The West Coast Revelationists

VICKI FORMAN
Vicki Forman holds a B.A. from Yale University and an M.F.A. for the University of California at Irvine.  Her memoir, This Lovely Life, is the winner of the Bread Loaf Writer’s Conference Bakeless Prize and other of her work has been nominated for a Pushcart prize and has appeared in the Seneca Review and the Santa Monica Review as well as the anthologies, Love You to Pieces: Creative Writers on Raising a Child With Special Needs, This Day: Dairies From American Women, and Literary Mama: Reading for the Maternally Inclined.  She lives in Southern California with her husband and daughter.

BRIDGET HOIDA
Bridget, who waggles her left foot when she writes, lives and works in the “other OC,” an imaginary subdivision off the coast of southern California. In a past life she was a librarian, a DJ, a teacher of high school journalism and a ghostwriter. In this life she experiments with fiction, sings short songs about donkeys in Quebec, walks a small dog, and has taught writing at UC Irvine and the University of Southern California.

JIM KRUSOE

Jim Krusoe’s first novel Iceland, was published by Dalkey Archive Press, and his others, Girl Factory, Erased, and Toward You, by Tin House Books. He has also written five books of poems, and two books of stories, Blood Lake, and Abductions. His stories and poems have appeared in the Antioch Review, Bomb, the Chicago Review, the Denver Quarterly, the Iowa Review, Field, the North American Review, the American Poetry Review, and the Santa Monica Review, which he began in 1988.  His essays and book reviews have appeared in the New York Times Book Review, the Los Angeles Times Book Review, the Washington Post, and Manoa. His novel, Parsifal, is scheduled for publication in 2012.

SUSAN MCCABE
Susan McCabe was born on Sunset Boulevard in Los Angeles, has taught in Oregon and Arizona, and received her PhD at UCLA. She also taught and conducted research in her mother’s country of Sweden. She directed the PhD in Literature and Creative Writing Program (2006-2009), and has been President of the Modernist Studies Association. She is currently an editor for the poetry series of University of California Press. She is the author of four books, including two critical studies—Elizabeth Bishop: Her Poetics of Loss (Penn State University Press, 1994) and Cinematic Modernism: Modern Poetry and Film (Cambridge University Press, 2005)—and two poetry volumes, Swirl (Red Hen Press, 2003), and Descartes’ Nightmare, winner of the Agha Shahid Ali prize (Utah University Press in 2008).

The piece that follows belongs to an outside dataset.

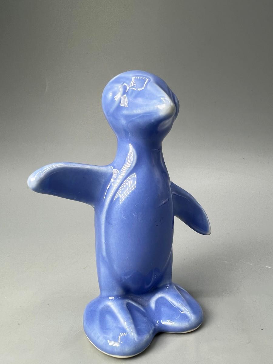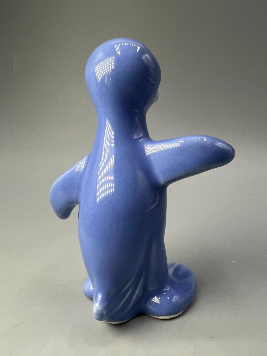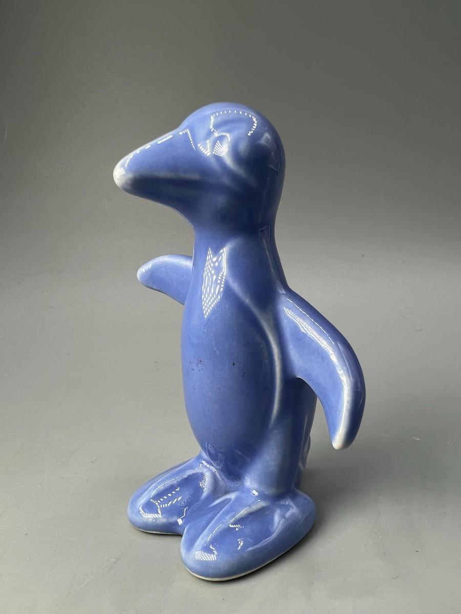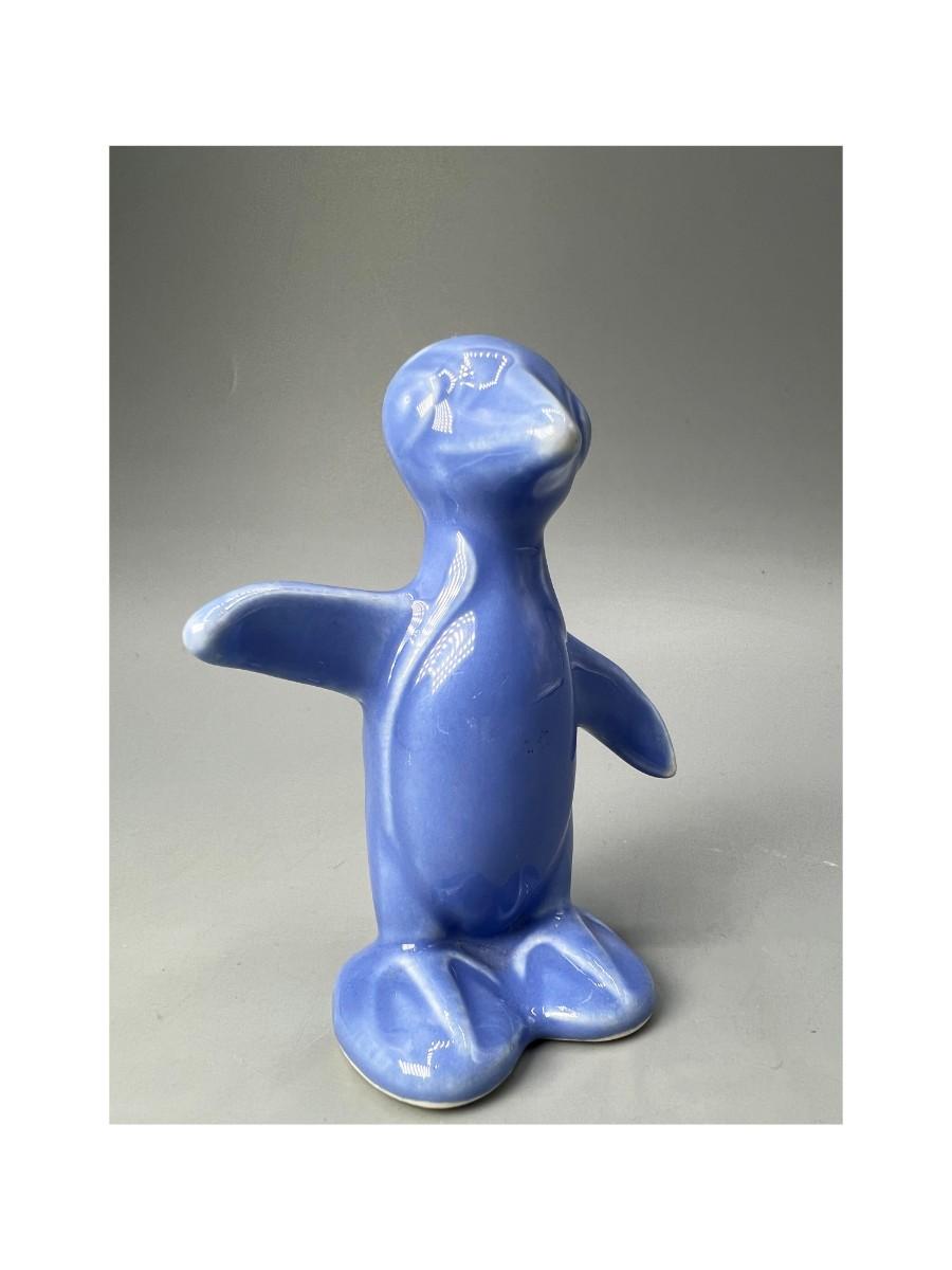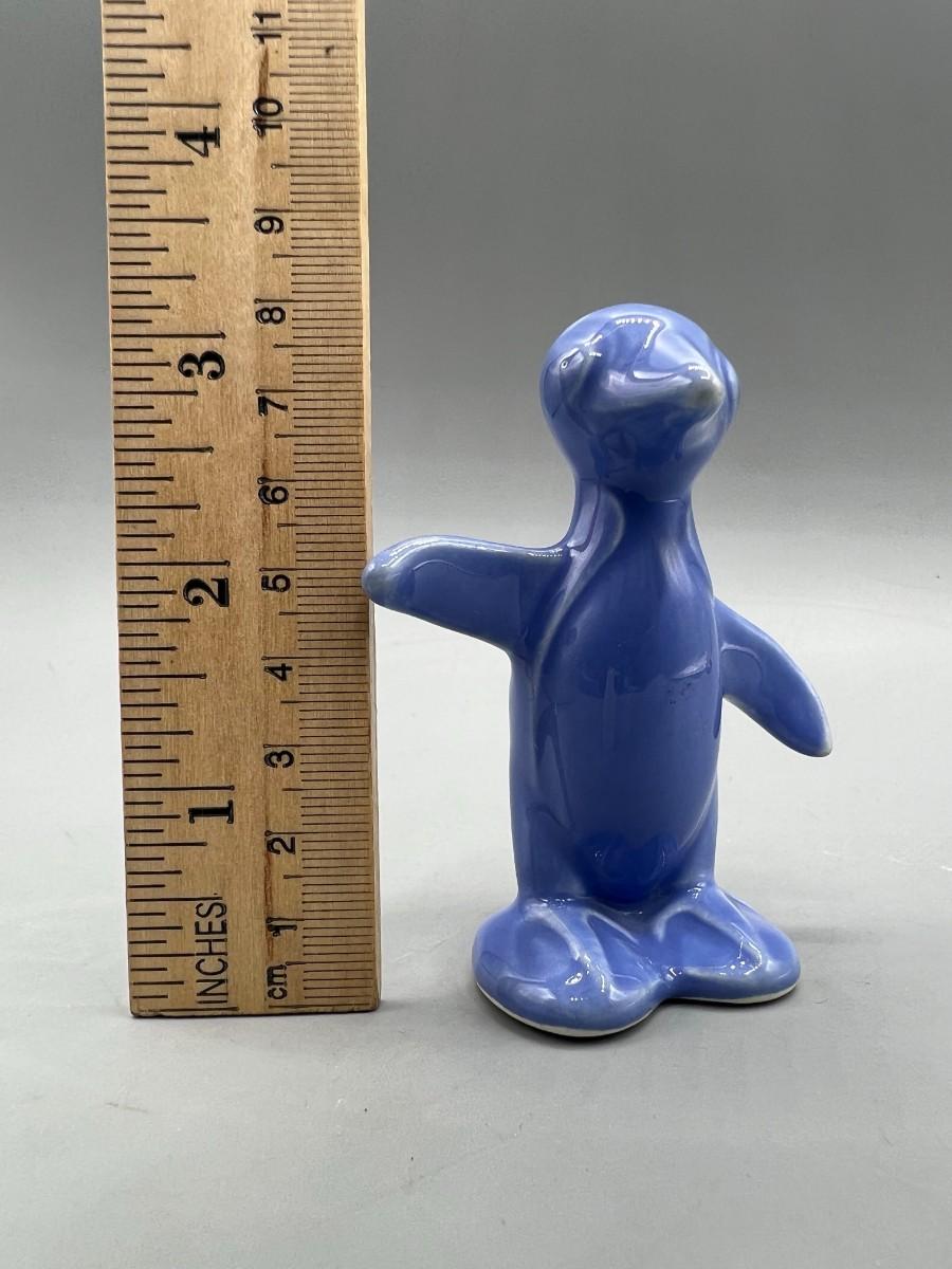 Small Retro Blue Ceramic Penguin Figurine

McCabe received a Beinecke Fellowship at Yale, was awarded the Provost’s “Advancing Scholarship in the Humanities and the Sciences” (2007-8) to focus upon Bryher’s myriad “triangles” within modernism and is simultaneously finishing another book of poems, Fates, a collection focused upon the voices of the dead as they intermingle with the living, and the uneasy companions of contemporary technology and ecopoetics.